Supplied entries below:
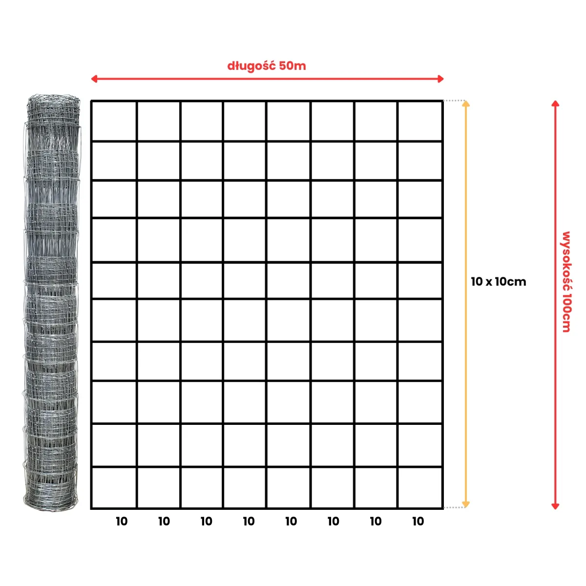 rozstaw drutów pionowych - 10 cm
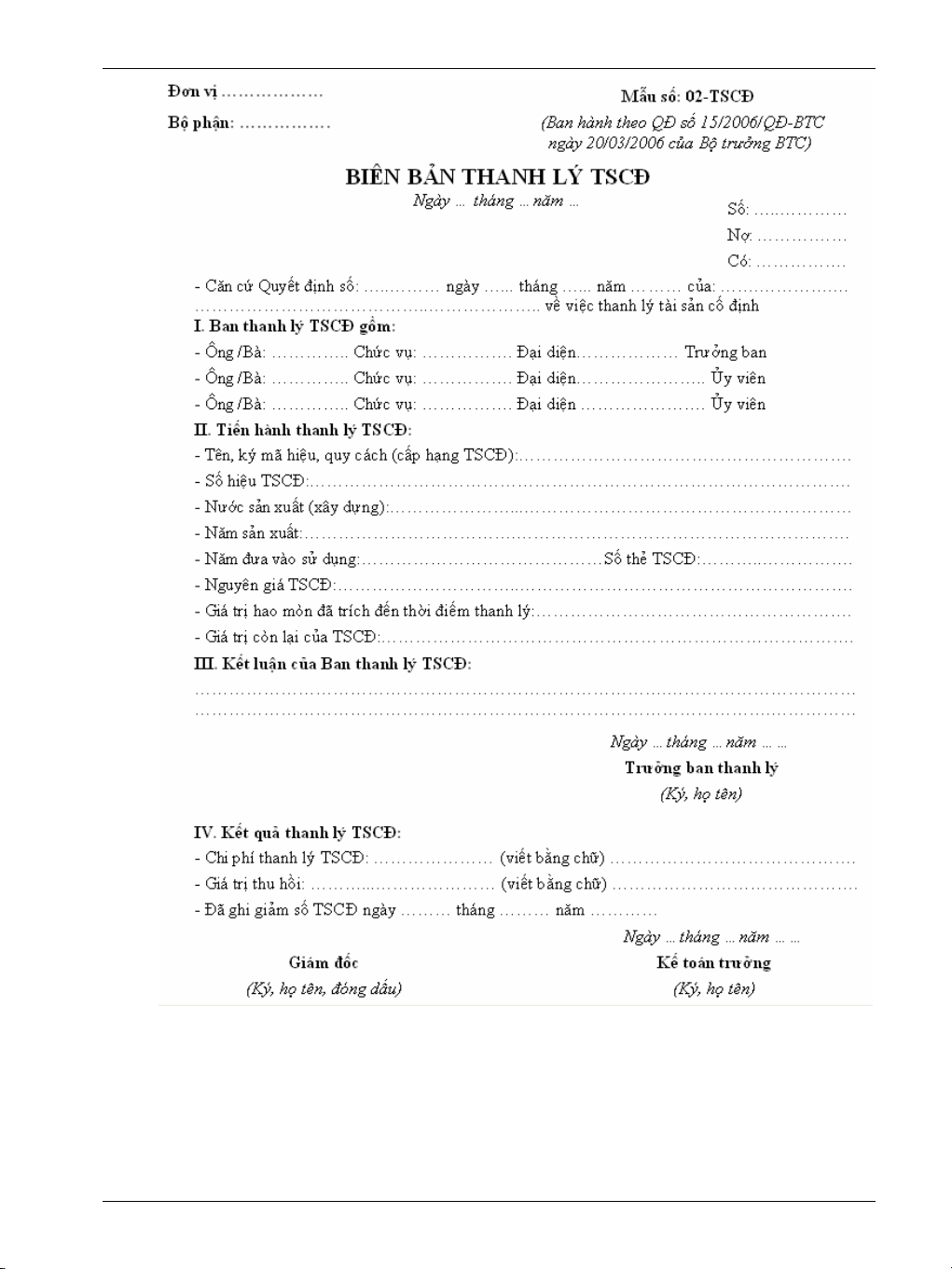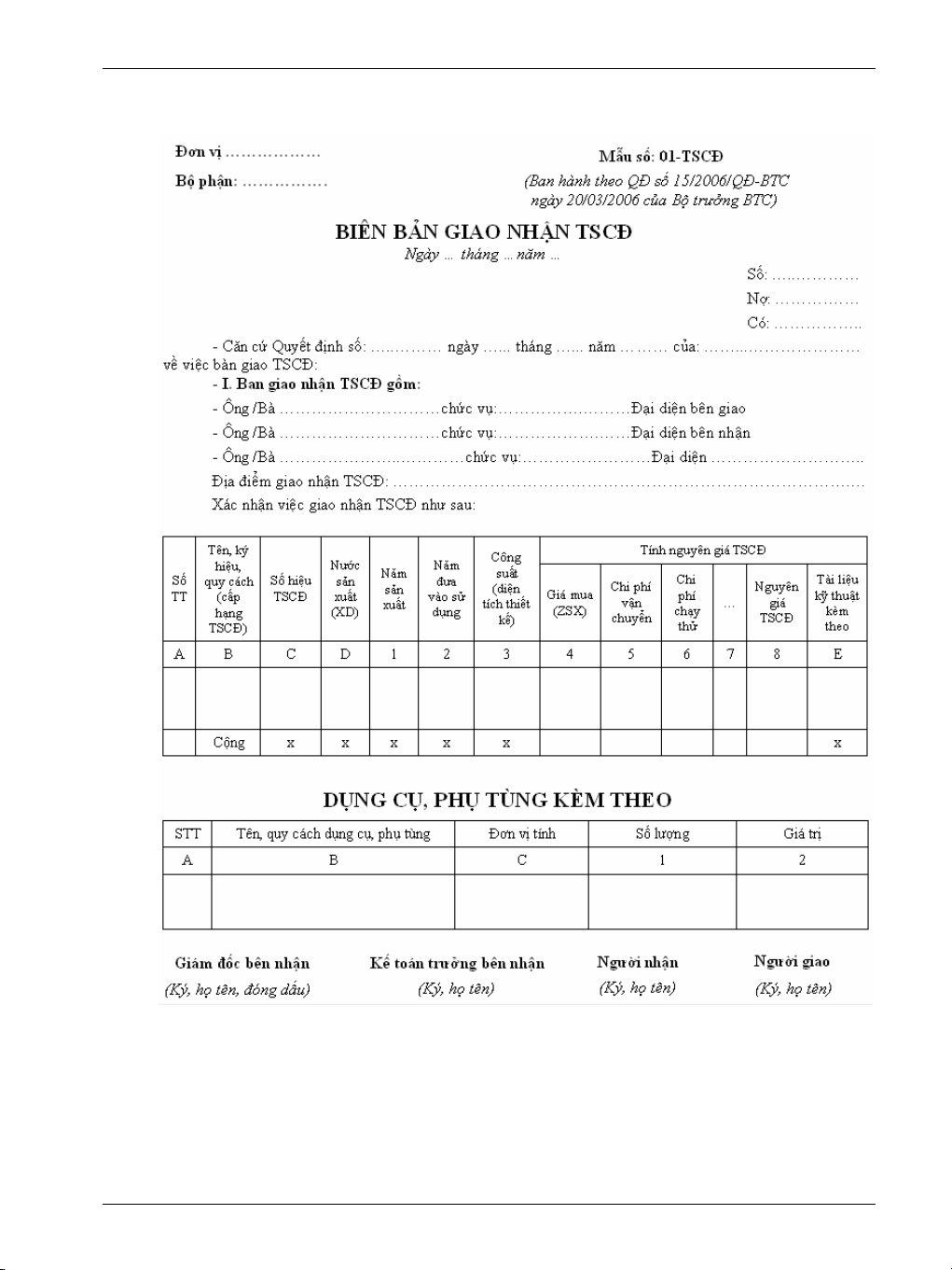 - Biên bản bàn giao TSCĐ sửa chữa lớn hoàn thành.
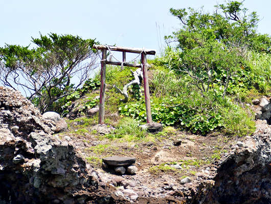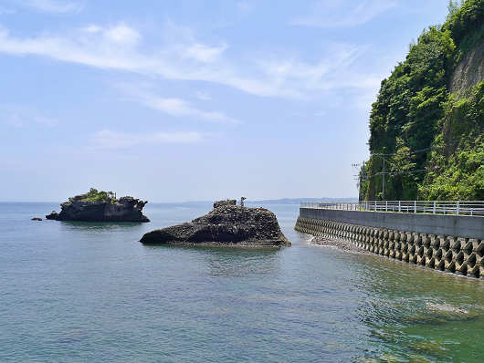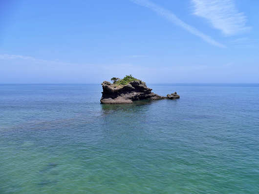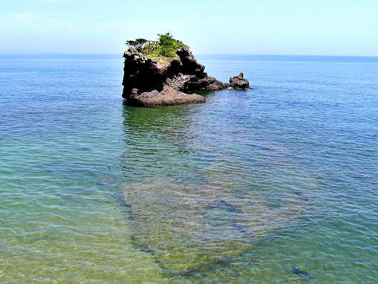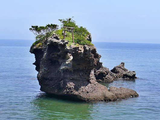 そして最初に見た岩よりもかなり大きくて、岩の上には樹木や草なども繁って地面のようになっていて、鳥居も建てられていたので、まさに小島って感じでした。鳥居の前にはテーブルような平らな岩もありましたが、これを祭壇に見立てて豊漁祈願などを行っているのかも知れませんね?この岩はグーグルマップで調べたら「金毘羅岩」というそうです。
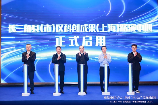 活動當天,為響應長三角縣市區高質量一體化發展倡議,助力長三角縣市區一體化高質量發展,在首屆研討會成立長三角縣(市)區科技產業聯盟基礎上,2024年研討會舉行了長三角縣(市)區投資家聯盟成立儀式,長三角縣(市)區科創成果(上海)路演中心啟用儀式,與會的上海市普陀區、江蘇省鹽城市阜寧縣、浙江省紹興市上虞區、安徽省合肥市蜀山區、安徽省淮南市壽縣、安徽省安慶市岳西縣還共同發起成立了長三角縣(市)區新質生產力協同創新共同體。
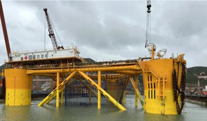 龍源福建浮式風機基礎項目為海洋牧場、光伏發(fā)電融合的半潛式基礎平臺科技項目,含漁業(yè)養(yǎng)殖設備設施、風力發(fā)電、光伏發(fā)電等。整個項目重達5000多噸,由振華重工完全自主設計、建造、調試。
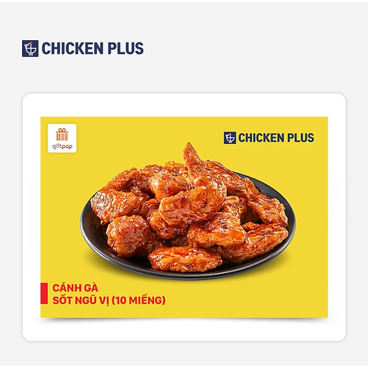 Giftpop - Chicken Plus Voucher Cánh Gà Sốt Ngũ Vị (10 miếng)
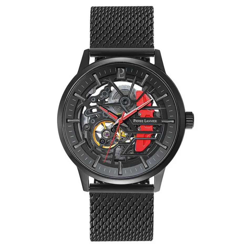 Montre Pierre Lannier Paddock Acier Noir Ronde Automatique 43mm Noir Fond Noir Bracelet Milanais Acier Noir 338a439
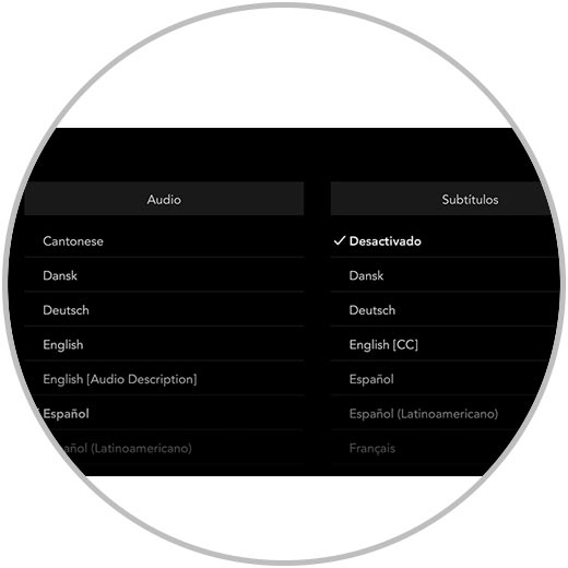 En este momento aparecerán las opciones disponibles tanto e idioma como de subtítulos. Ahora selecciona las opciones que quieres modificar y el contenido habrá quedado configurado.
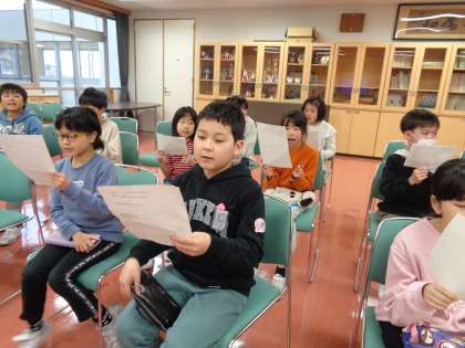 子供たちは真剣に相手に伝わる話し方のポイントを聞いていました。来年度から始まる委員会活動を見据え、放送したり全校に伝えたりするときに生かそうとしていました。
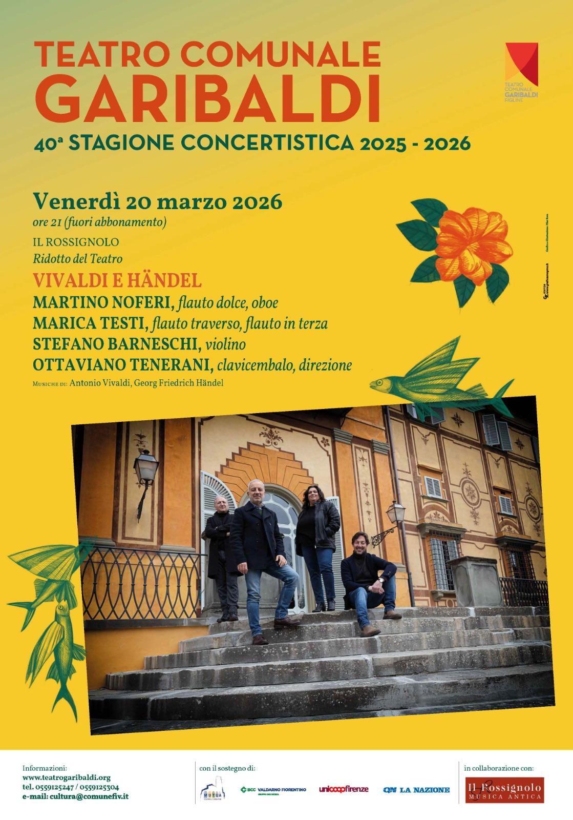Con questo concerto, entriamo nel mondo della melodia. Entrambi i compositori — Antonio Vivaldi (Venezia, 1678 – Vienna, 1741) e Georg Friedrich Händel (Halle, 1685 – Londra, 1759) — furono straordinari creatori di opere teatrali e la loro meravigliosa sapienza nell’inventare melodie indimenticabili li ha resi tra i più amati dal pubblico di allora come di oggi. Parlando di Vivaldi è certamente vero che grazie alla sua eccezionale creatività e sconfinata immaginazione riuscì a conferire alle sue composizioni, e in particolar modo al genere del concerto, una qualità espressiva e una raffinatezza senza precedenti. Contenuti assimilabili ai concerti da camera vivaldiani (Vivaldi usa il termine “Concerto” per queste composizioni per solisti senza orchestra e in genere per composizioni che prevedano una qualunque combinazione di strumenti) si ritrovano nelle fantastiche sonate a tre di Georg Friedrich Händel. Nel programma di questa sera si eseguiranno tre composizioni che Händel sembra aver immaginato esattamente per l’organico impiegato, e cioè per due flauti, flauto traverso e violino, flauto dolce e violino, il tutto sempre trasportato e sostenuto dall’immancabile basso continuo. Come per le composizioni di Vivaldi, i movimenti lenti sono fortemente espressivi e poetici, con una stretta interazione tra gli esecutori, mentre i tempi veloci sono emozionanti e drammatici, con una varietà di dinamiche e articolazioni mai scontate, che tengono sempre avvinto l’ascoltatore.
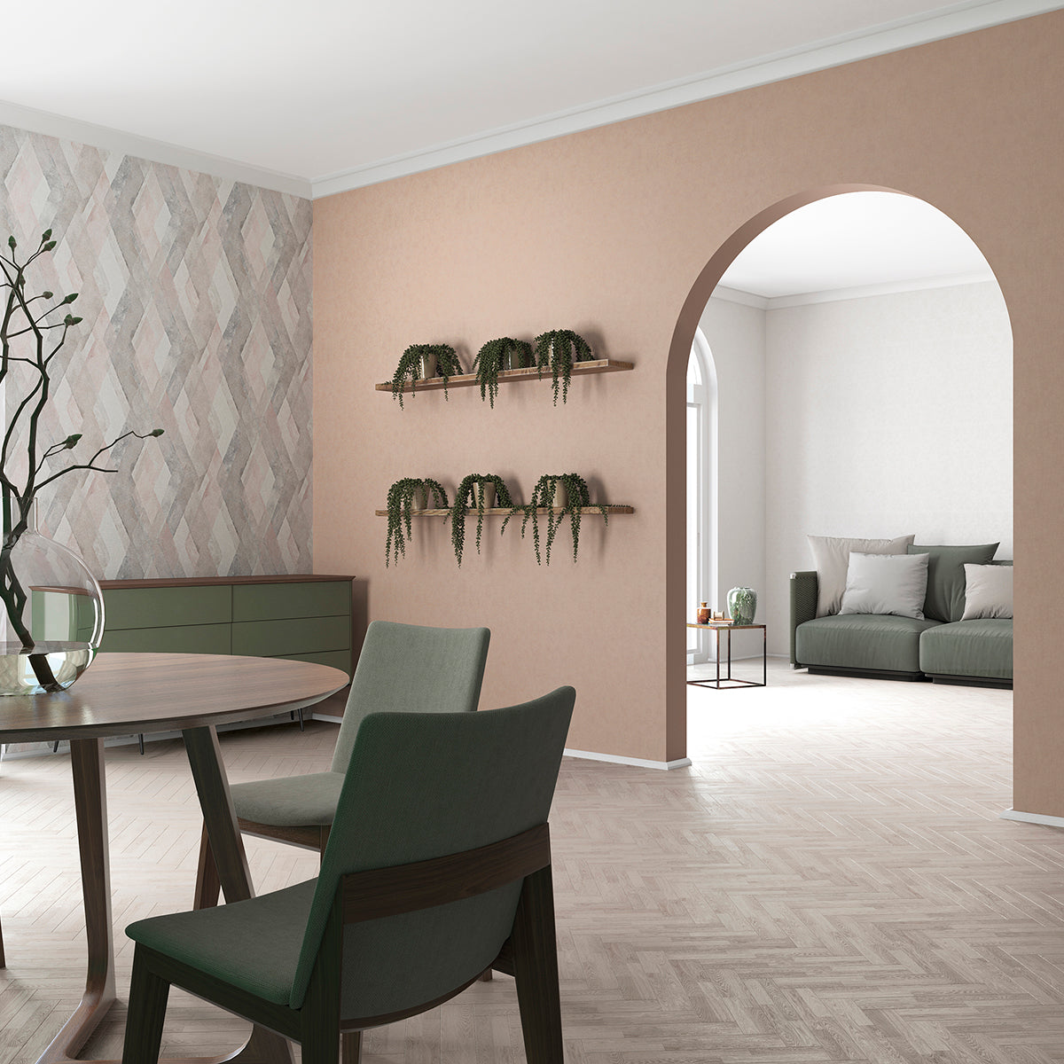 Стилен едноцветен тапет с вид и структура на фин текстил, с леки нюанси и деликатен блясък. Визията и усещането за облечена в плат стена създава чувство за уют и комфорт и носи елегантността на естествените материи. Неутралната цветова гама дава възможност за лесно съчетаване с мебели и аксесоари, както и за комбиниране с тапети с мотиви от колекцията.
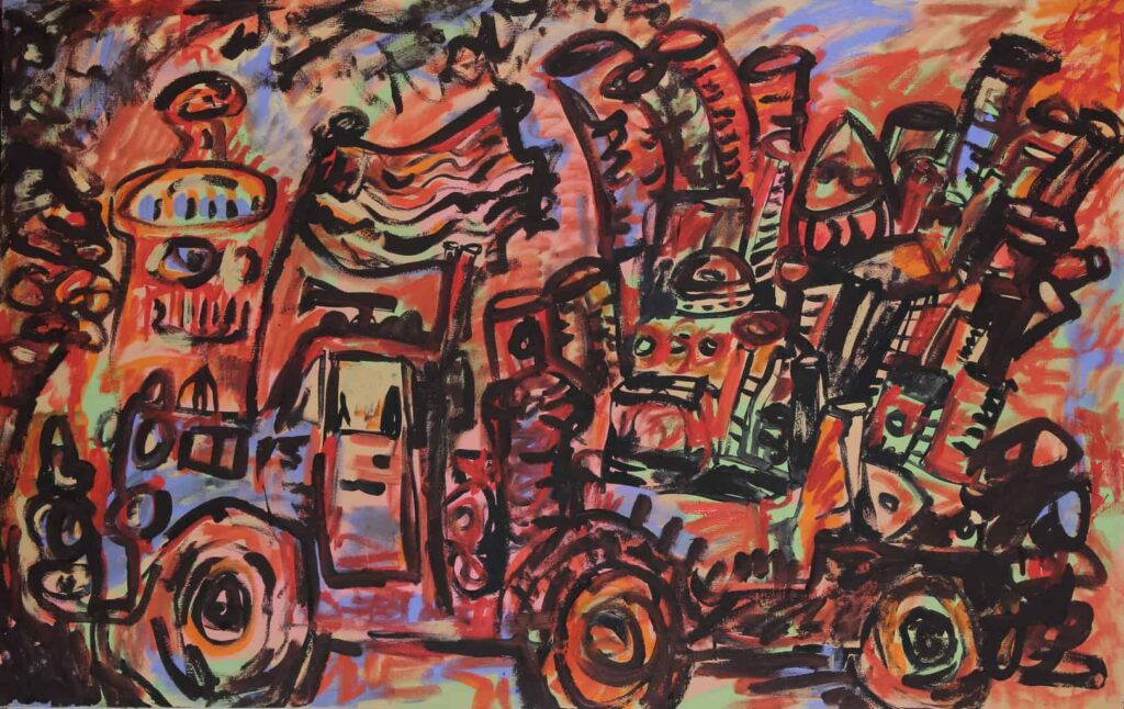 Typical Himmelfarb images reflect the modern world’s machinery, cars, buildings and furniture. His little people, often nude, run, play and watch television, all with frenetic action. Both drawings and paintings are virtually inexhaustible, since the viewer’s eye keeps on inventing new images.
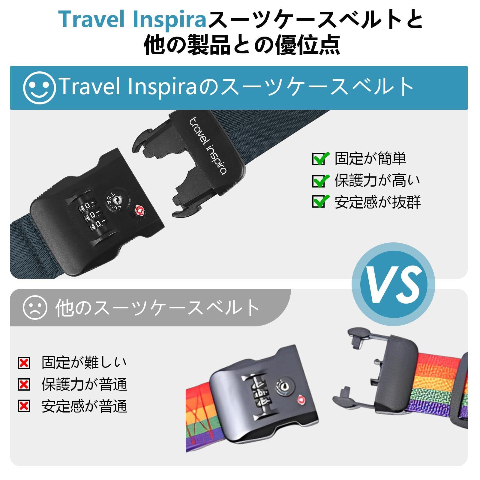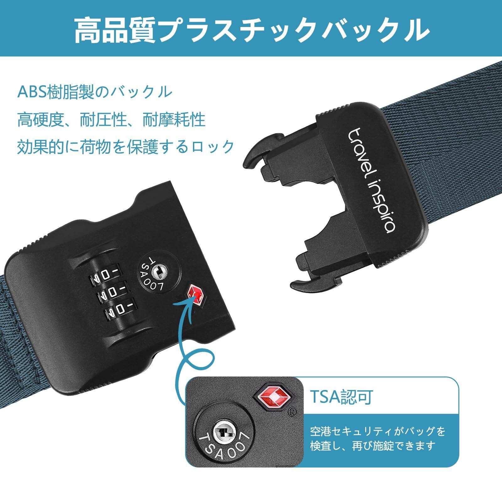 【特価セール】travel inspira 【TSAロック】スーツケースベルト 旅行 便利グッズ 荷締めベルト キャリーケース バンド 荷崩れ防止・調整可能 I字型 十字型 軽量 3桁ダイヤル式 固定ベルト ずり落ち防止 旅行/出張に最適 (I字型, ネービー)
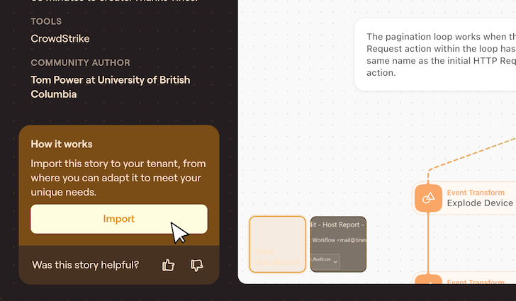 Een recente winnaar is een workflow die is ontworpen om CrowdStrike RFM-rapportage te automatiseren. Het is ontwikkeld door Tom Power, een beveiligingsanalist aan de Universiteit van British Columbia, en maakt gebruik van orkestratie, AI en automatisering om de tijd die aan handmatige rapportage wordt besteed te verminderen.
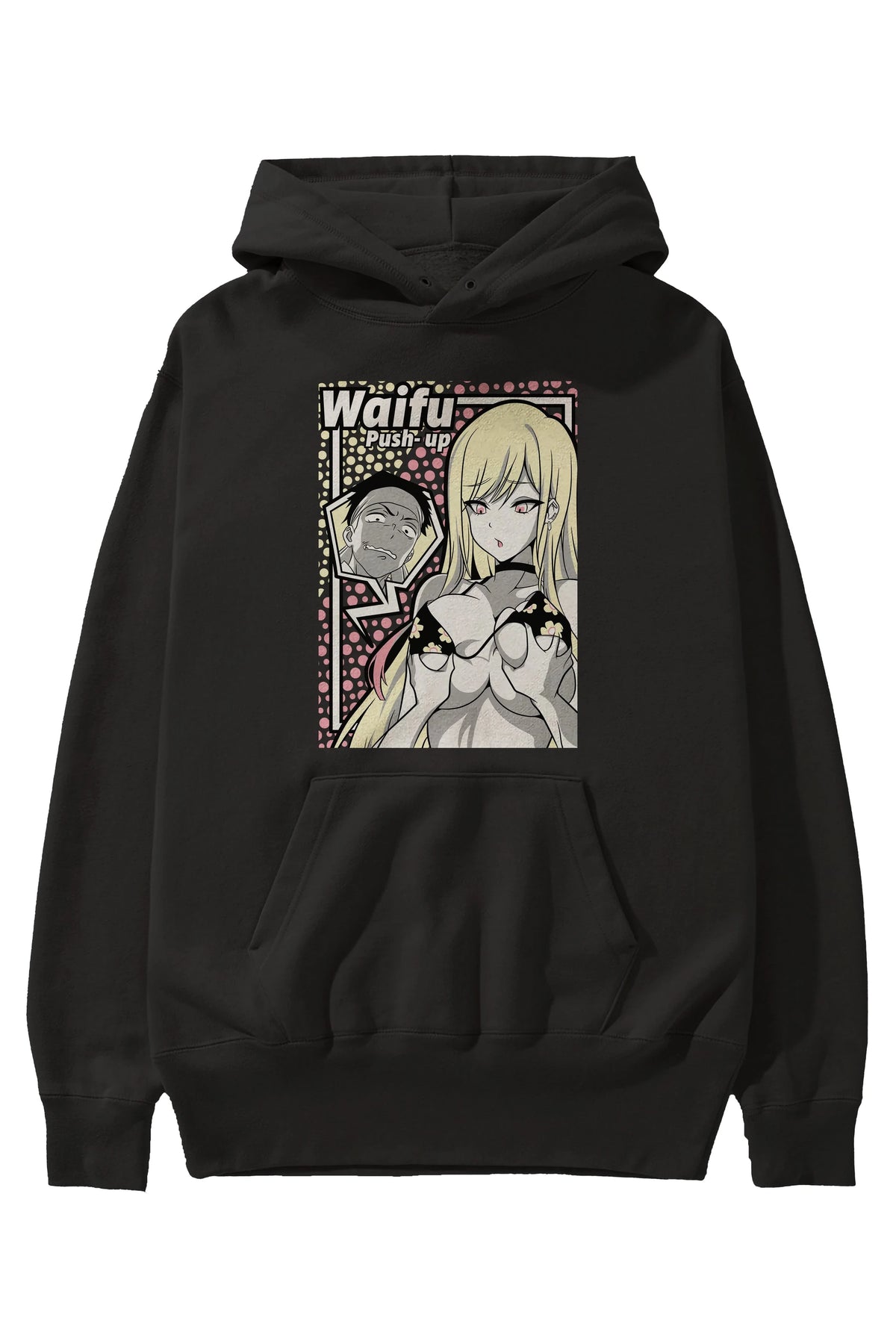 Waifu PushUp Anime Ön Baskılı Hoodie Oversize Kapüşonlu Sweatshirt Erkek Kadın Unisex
End of Supplied entries.
** Task statement **
Output exactly the lines above, from the line with "活動當天,為響應長三角縣市區" to the line with "子供たちは真剣に相手に伝わる", both included; skip the pictures.

** Finished exercise **
 活動當天,為響應長三角縣市區高質量一體化發展倡議,助力長三角縣市區一體化高質量發展,在首屆研討會成立長三角縣(市)區科技產業聯盟基礎上,2024年研討會舉行了長三角縣(市)區投資家聯盟成立儀式,長三角縣(市)區科創成果(上海)路演中心啟用儀式,與會的上海市普陀區、江蘇省鹽城市阜寧縣、浙江省紹興市上虞區、安徽省合肥市蜀山區、安徽省淮南市壽縣、安徽省安慶市岳西縣還共同發起成立了長三角縣(市)區新質生產力協同創新共同體。
 龍源福建浮式風機基礎項目為海洋牧場、光伏發(fā)電融合的半潛式基礎平臺科技項目,含漁業(yè)養(yǎng)殖設備設施、風力發(fā)電、光伏發(fā)電等。整個項目重達5000多噸,由振華重工完全自主設計、建造、調試。
 Giftpop - Chicken Plus Voucher Cánh Gà Sốt Ngũ Vị (10 miếng)
 Montre Pierre Lannier Paddock Acier Noir Ronde Automatique 43mm Noir Fond Noir Bracelet Milanais Acier Noir 338a439
 En este momento aparecerán las opciones disponibles tanto e idioma como de subtítulos. Ahora selecciona las opciones que quieres modificar y el contenido habrá quedado configurado.
 子供たちは真剣に相手に伝わる話し方のポイントを聞いていました。来年度から始まる委員会活動を見据え、放送したり全校に伝えたりするときに生かそうとしていました。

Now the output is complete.